Source records
>>>
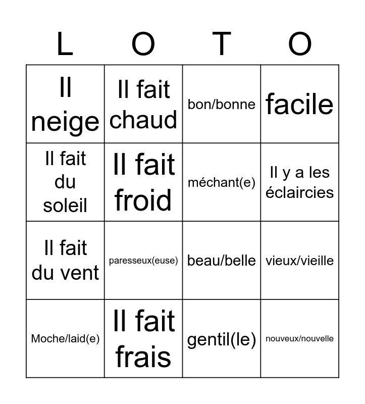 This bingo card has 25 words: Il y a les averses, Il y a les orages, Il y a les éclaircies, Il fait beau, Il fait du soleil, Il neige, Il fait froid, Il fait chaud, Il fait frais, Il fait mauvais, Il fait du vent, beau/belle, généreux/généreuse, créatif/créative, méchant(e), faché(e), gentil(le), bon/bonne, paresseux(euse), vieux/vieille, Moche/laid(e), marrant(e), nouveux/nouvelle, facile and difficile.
<<<
>>>
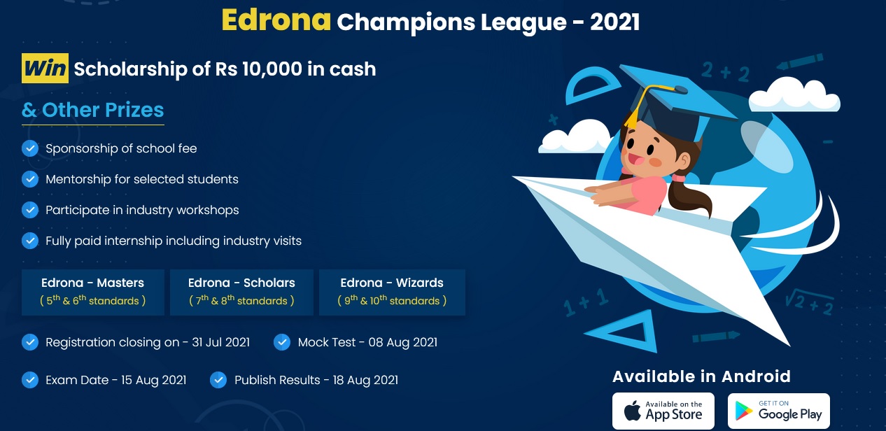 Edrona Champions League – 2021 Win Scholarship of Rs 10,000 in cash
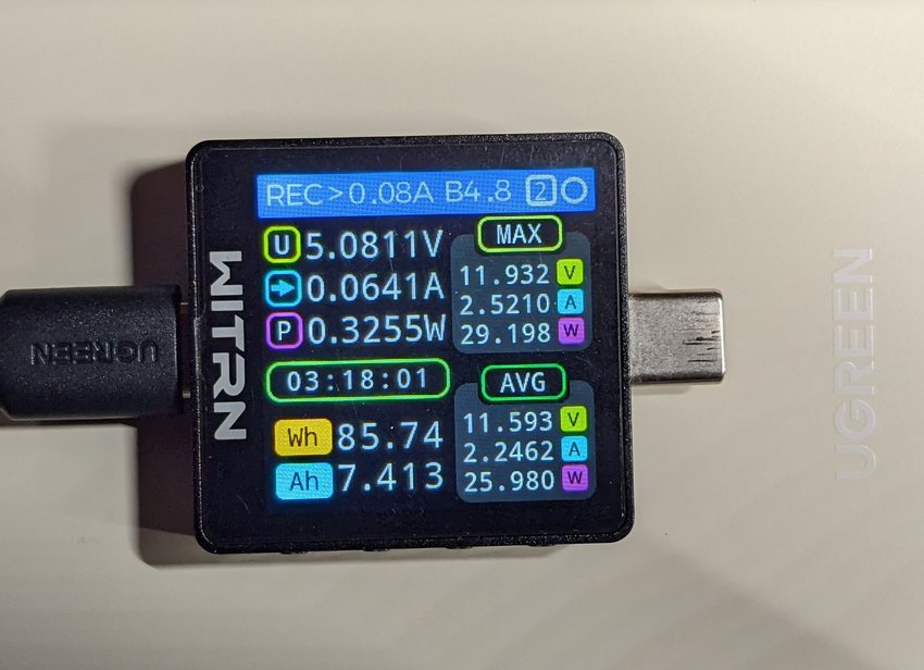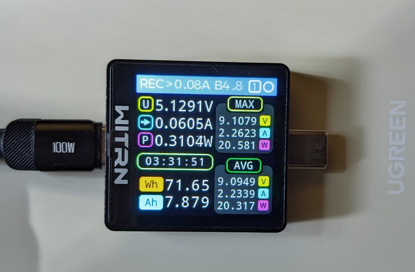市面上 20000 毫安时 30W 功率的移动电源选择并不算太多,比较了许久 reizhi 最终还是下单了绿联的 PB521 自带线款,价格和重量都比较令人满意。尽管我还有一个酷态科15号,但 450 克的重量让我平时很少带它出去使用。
<<<
>>>
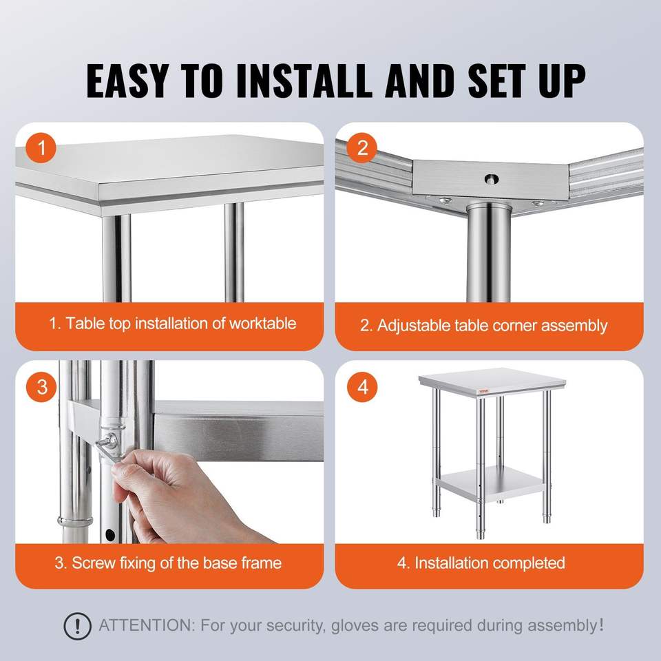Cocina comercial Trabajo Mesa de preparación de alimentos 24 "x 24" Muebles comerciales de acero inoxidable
<<<
Assignment
Return exactly the lines that appear in the data above between the line containing "Edrona Champions League" and the line containing "市面上 20000 毫安时", both of which are included, and leave the pictures out.

Answer box
 Edrona Champions League – 2021 Win Scholarship of Rs 10,000 in cash
市面上 20000 毫安时 30W 功率的移动电源选择并不算太多,比较了许久 reizhi 最终还是下单了绿联的 PB521 自带线款,价格和重量都比较令人满意。尽管我还有一个酷态科15号,但 450 克的重量让我平时很少带它出去使用。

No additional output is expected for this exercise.